Package size: the heartbeat control package of the package should not be too large, and should be controlled below 0.5kb

Heartbeat time:

  • Long heartbeat: too many disconnected clients, low efficiency and low resource utilization
  • Short heartbeat: too many heartbeat requests, resulting in excessive traffic pressure on the gateway

The best way is adaptive heartbeat: the front-end uses a fixed heartbeat (no link can be fixed for a long time), and the back-end calculates the NAT elimination time (adaptive estimation time, taking the middle of the minimum and maximum critical values)

2. Disconnection and reconnection

Background 1 : When taking a high-speed rail or train, the client network frequently switches, which will lead to service creation and destruction, and excessive emptying of resources. How to establish a long connection more stably and quickly?

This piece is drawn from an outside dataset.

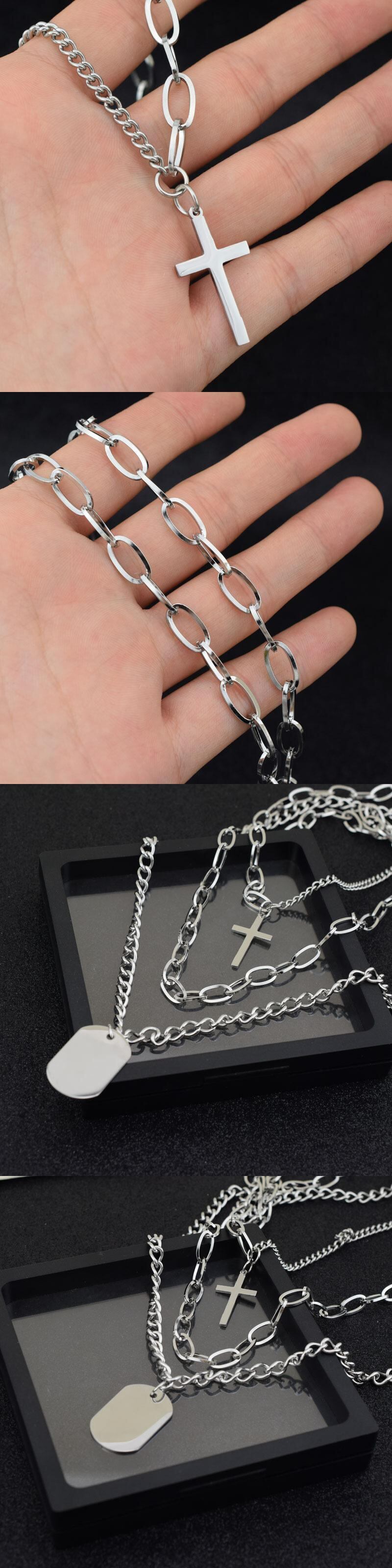 の出典:バンジー、ヒップホップボーイ、3層ネックレス取り外し可能なステンレススチールクロスネックレス レース mi122370671215

Solution : At the moment of disconnection, start a session timeout. If you can connect after that, the resources will not be cleared, and you can reconnect to ensure the stability of the link (direct multiplexing). It will create
a TCP channel, just associate fid with session

The above method can prevent frequent creation and destruction, and will not let Redis avalanche

Background 2 : If the server crashes and causes the client to reconnect, how to deal with the avalanche caused by too many requests?

Solution : The IPConf service uses the discovery mechanism to quickly identify server node failures and schedule them. After the client is disconnected, it reconnects to the request through a random strategy to obtain service rescheduling. If the original server is still there, it will be selected first (it has services Fault self-discovery, load balancing mechanism)


3. News Storm: (how to ensure the reliability of the message)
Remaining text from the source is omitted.